Fundamentals of Accelerator Physics and Technology
(with Simulations and Measurement Lab)
Summer 2019 USPAS session
U.S. Particle Accelerator School hosted by University of New Mexico
June 17-28, 2019, Albuquerque, New Mexico
- Pavel Snopok, Illinois Institute of Technology
- Linda Spentzouris, Illinois Institute of Technology
- Elvin Harms, Fermi National Accelerator Laboratory
- Bob Zwaska, Fermi National Accelerator Laboratory
- Josiah Kunz, Anderson University
- Nicole Neveu, SLAC National Accelerator Laboratory
- Tanaz Mohayai, Fermi National Accelerator Laboratory
- Robert Hipple, Niowave, Inc.
This course relies heavily on the prior work by Michael Syphers and Linda Spentzouris. Kudos to them! We will be tweaking the material as we go along.
Purpose and Audience
The purpose of this course is to introduce the students to the physics and technology of particle beam accelerators. This course is suitable for last year undergraduate students or students from other fields considering accelerator physics as a possible career. This course also can provide a broader background to engineers and technicians working in the field of accelerator technology.

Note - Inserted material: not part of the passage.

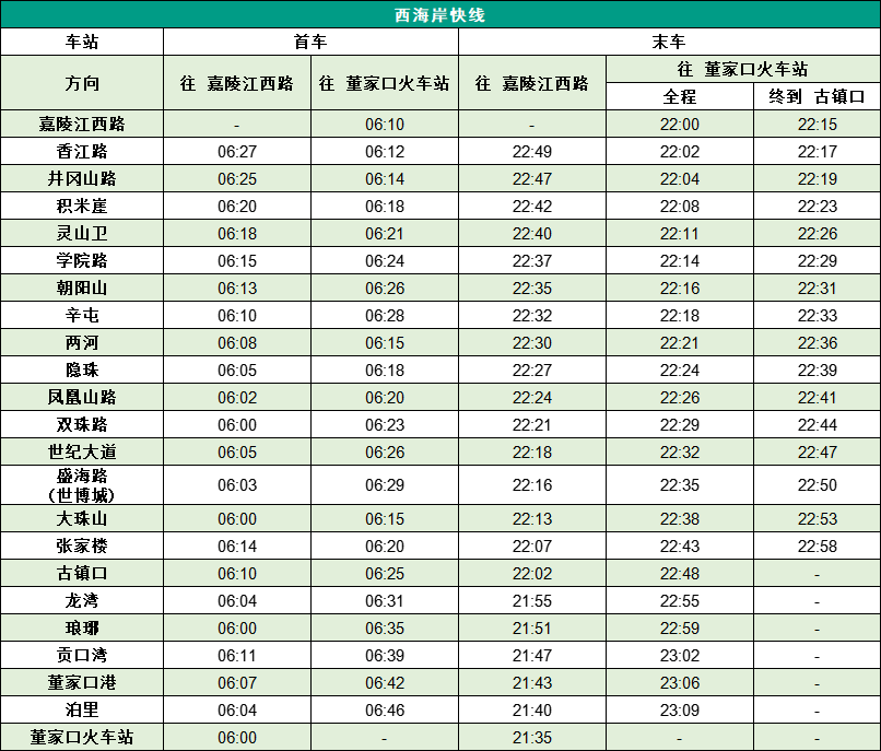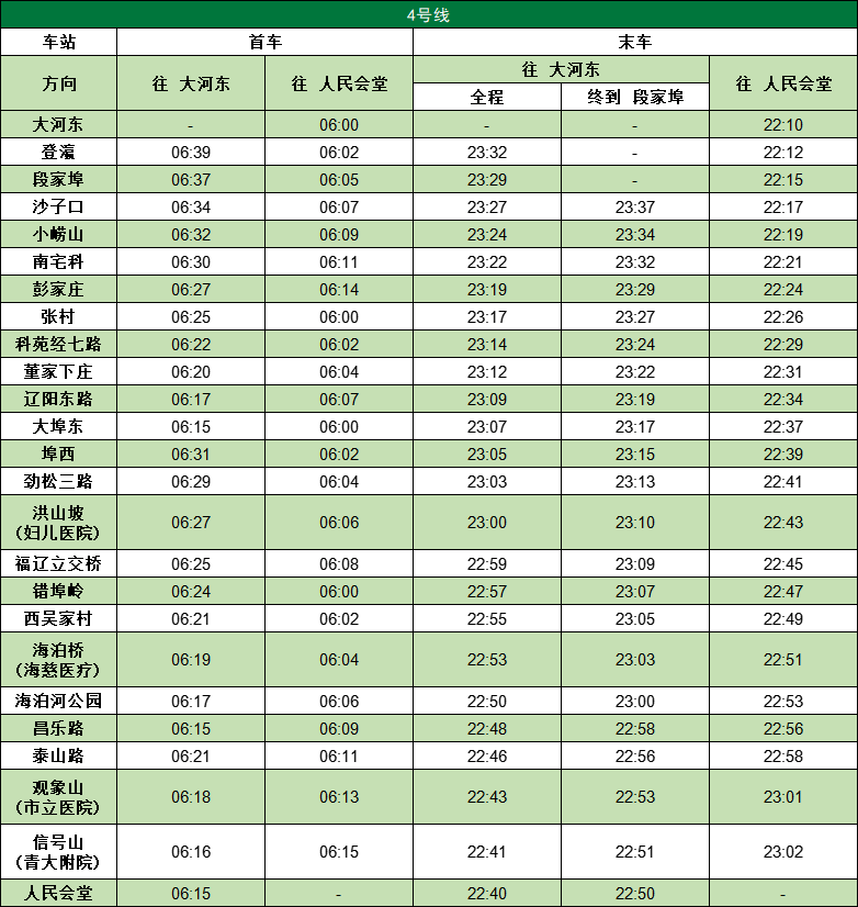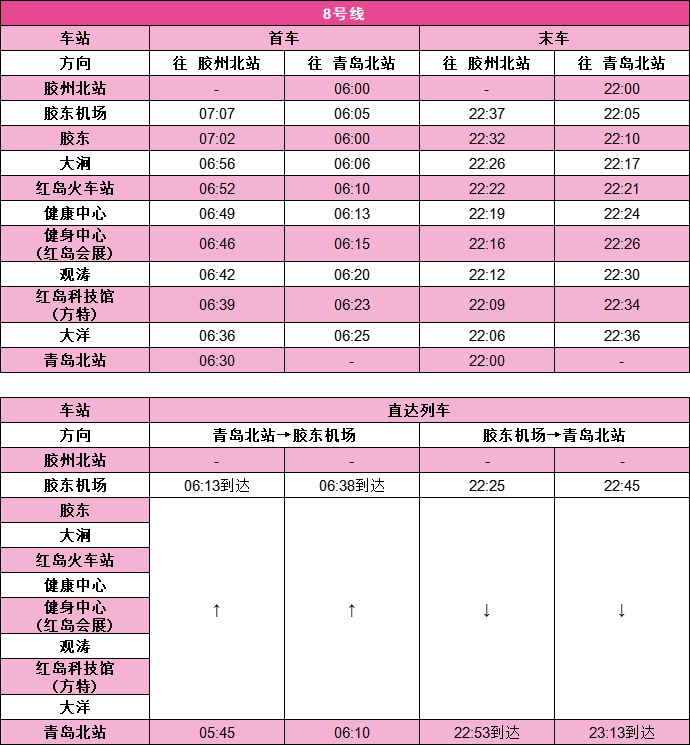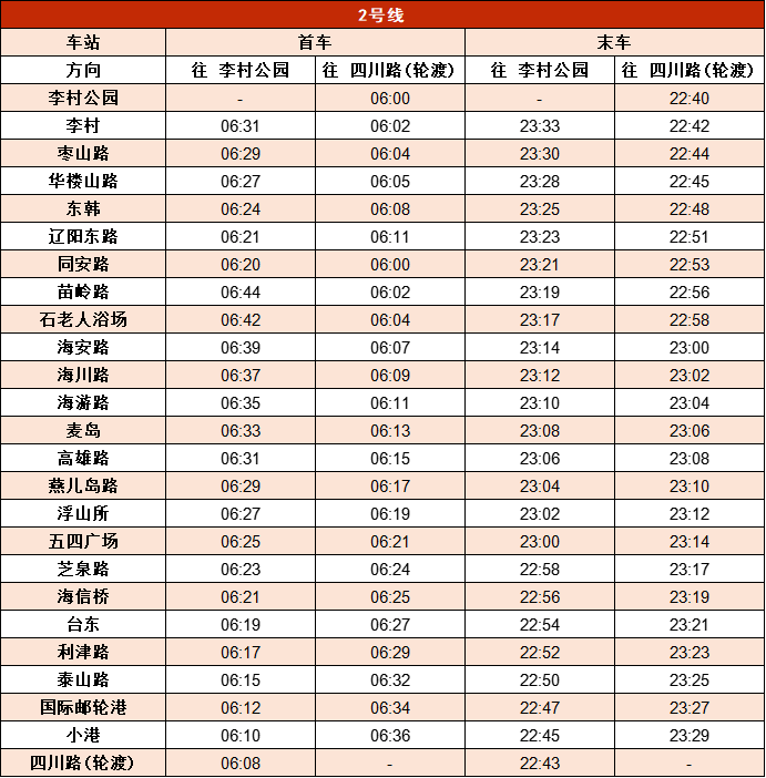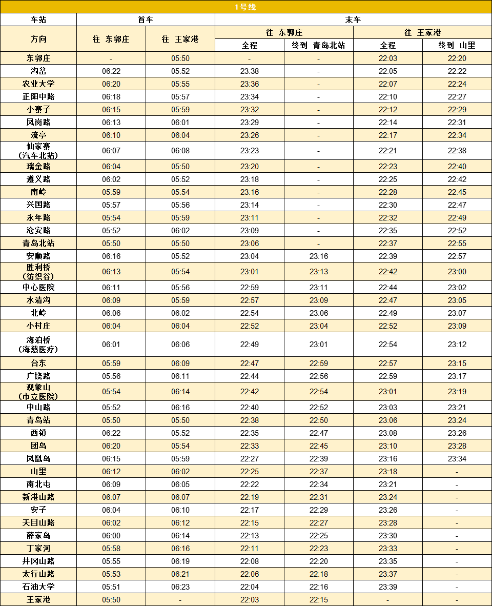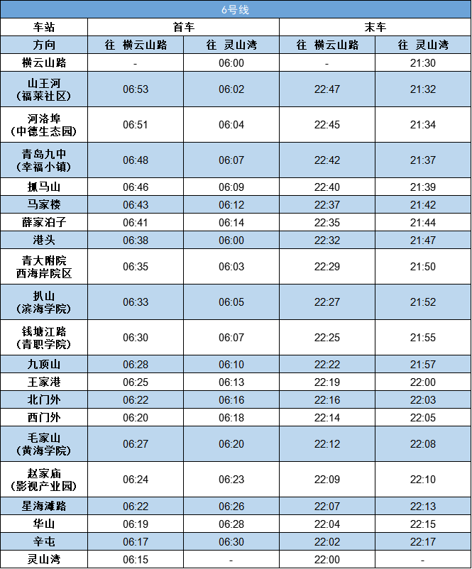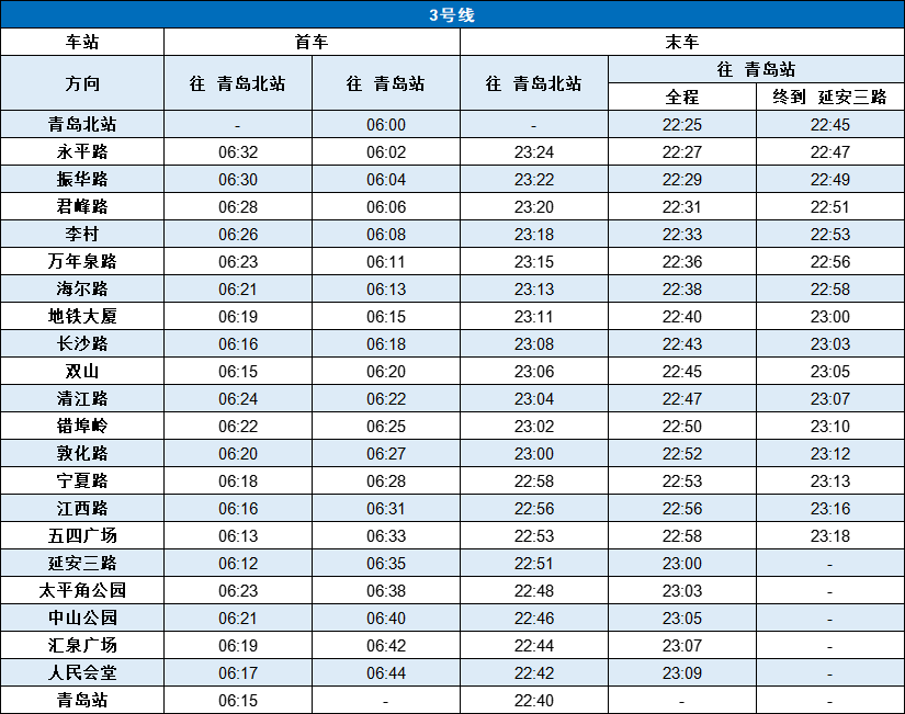 青岛地铁1号线运营时间17小时51分钟、2号线运营时间17小时34分钟、3号线运营时间17小时26分钟、4号线运营时间17小时38分钟、6号线运营时间16小时50分钟、8号线运营时间17小时27分钟,蓝谷快线运营时间17小时12分钟、西海岸快线运营时间17小时14分钟(各线路首末车时刻见下图)。

Credit-seeking students: Courses in special relativity (at the level of French, “Special Relativity”, or Resnick, “Special Relativity”), classical mechanics (lower division level), and electrodynamics (at the level of “Introduction to Electrodynamics” by David J. Griffiths) at a junior undergraduate level or higher.
Audit-only students: Courses in College Physics and first year Calculus.
It is the responsibility of the student to ensure that he or she meets the course prerequisites or has equivalent experience.
This introductory course tries to avoid heavy mathematical treatment and will focus on the fundamental principles of particle accelerators and beam dynamics. Fundamental physics and technologies of particle acceleration are explored, with emphasis on basic relationships, definitions, and applications found in the field of particle accelerators. On completion of this course, the students are expected to understand the basic workings of accelerators and their components. Furthermore, they will comprehend basic principles and definitions of beam dynamics and will be able to analyze experimental observations in terms of fundamental beam dynamics.
This course will offer a series of lectures during morning sessions, followed by afternoon laboratory sessions. The laboratory sessions will introduce students to computer simulations and measurements of magnets and rf cavities. The lab course will emphasize the comparison of measurement data with computer simulation results. The students will be required to write lab reports and will be graded on them. Homework problems will be assigned each day and instructors will be available to help answer questions about the homework and lectures during the evening exercise sessions and the weekend. There will be a final exam on the last day of the class.
Introductory material will include discussions of classical dynamics and relativity, synchrotron radiation, the historical development of accelerators, and uses of particle accelerators. Basic components such as bending and focusing magnets, electrostatic deflectors, and radio frequency accelerating structures will be described. Comparisons between hadron and electron accelerators will be presented, and examples of modern accelerator facilities discussed as well as state-of-the-art accelerator R&D.
A hardbound copy of the textbook, An Introduction to the Physics of High Energy Accelerators, Wiley Publishers (1993) by D.A. Edwards and M.J. Syphers (Edwards and Syphers, 1993), will be provided by the school during check-in. The textbook can also be found online. If the student’s institution has an agreement with Wiley Publishers, it may be possible to download a pdf of the textbook ahead of the school. The student may also want to read “An Introduction to Particle Accelerators,” Oxford University Press (2001) by E.J.N. Wilson (Wilson, 2001).
The flow of the course will not follow either text directly, but cross-references between daily material and sections of the above textbooks are provided in the Suggested Reading section of the web site.
Students will be evaluated based on performance: homework assignments (40% of final grade), laboratory reports (30% of final grade), final exam (30% of final grade).
The student will be expected to turn in all problems. Each assignment contains 4 to 5 problems to be solved. Homework is due before 9:00 a.m each due date.
During the afternoons and evenings students have access to laboratory equipment and PCs for hands-on measurements and simulations. Worksheets will be provided with questions to be completed and turned in. Due to the number of students and limited amount of equipment, students will work in teams and rotate through each of the lab stations and computers according to the schedule in the "Laboratory Sessions" section. Each worksheet is expected to be turned in at the beginning of the lab period, two days after the lab was originally scheduled. The final lab will be due Friday morning of the second week. The classroom will be open in the evenings for Hardware AND Computer lab work. The USPAS Computer Lab will also be available in the evenings, though shared with other classes.